熱中症・暑さ対策の基礎知識 暑熱ストレスとは?

2024.07.01 コラム

はじめに
このコラムでは熱中症に関するテーマを中心に連載していきます。
今回は熱中症・暑さ対策の基礎知識として、暑熱ストレスについて詳しく見ていきましょう。

暑熱対策ストレスとは?

人間の身体には状態を正常に保とうとする働きがあり、ホメオスタシスと呼ばれています。体温調節もホメオスタシスの一つで、正常な状態を保とうとする働きにより、寒いときには体が震え、暑いときに汗をかくことで、体温を一定に保とうとします。体温について、この安定した状態の体温を基準値とすると、暑熱ストレスとは、体内に熱が蓄積され基準値よりも高い値になった状態であり、逆に基準値よりも体が冷たい場合には寒冷ストレスを受けている状態にあるといえます。熱の蓄積が体温の正常値を超えると暑熱ストレスを受けている状態となり、さらに進行していくと熱中症を発症するということが言えます。

暑熱ストレスを受け続けるとどうなる?

暑熱ストレスを受け続けるということは、体の中に熱がどんどんたまっていくことを意味します。
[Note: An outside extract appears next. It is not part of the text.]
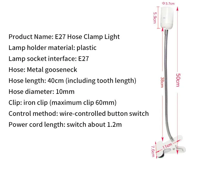 Гибкий Настольный держатель для лампы с вилкой Стандарта ЕС и США на 360 градусов, цоколь E27, оссветильник ительная розетка, кабель с выключателем ВКЛ./ВЫКЛ. Для домашнего завода

熱がたまり、やがて人の身体が快適と感じる温度帯を越えて帯内の温度が上昇し、生理的、心理的負担が生じてきます。この温熱負担のことを、暑熱ストレインといい、生理的ストレインと心理的ストレインに分けられます。おおまかにいえば、生理的ストレインとは、体温上昇、心拍数増加、発汗増加による体重減少などの生理的反応であり、心理的ストレインは、暑熱感、不快感などの心理的反応といえます。これらの反応は、暑熱環境での作業者にとっては作業を安全に進めることに対しての妨害要因となり、仕事に集中できなくなり、作業効率が落ちたり、事故を誘発する原因になり得ます。また、熱中症を発症する直接的な要因でもあり、いかに暑熱ストレスを軽減し、暑熱ストレインを小さくしていくかが、酷暑環境における作業環境改善の基本的な考え方といえます。

周囲の暑熱ストレスを評価するには?

暑熱ストレスをきちんと把握するためには、①気温②湿度③輻射熱④風速の4つの温熱要素の測定をし、さらに、身体活動の強度と着ている服装の熱特性についても考慮する必要があります。これらの温熱要素をすべて考慮した暑熱ストレス指標としてWBGT(Wet Bulb Globe Temperature)指標があります。暑さ指数(WBGT)は労働環境や運動環境の指針として有効であると認められており、ISO等で国際的にも規格化されています。 日本でも、スポーツの分野では「熱中症予防運動指針」として、また、日本生気象学会では「日常生活に関する指針」として、WBGTを活用して公表しています。労働環境では、国際的にはISO7243、日本では、JIS Z 8504「WBGT(湿球黒球温度)指数に基づく作業者の熱ストレスの評価-暑熱環境」として規格化されています。WBGTは大変重要な指標になりますので、多くの職場で使用されています。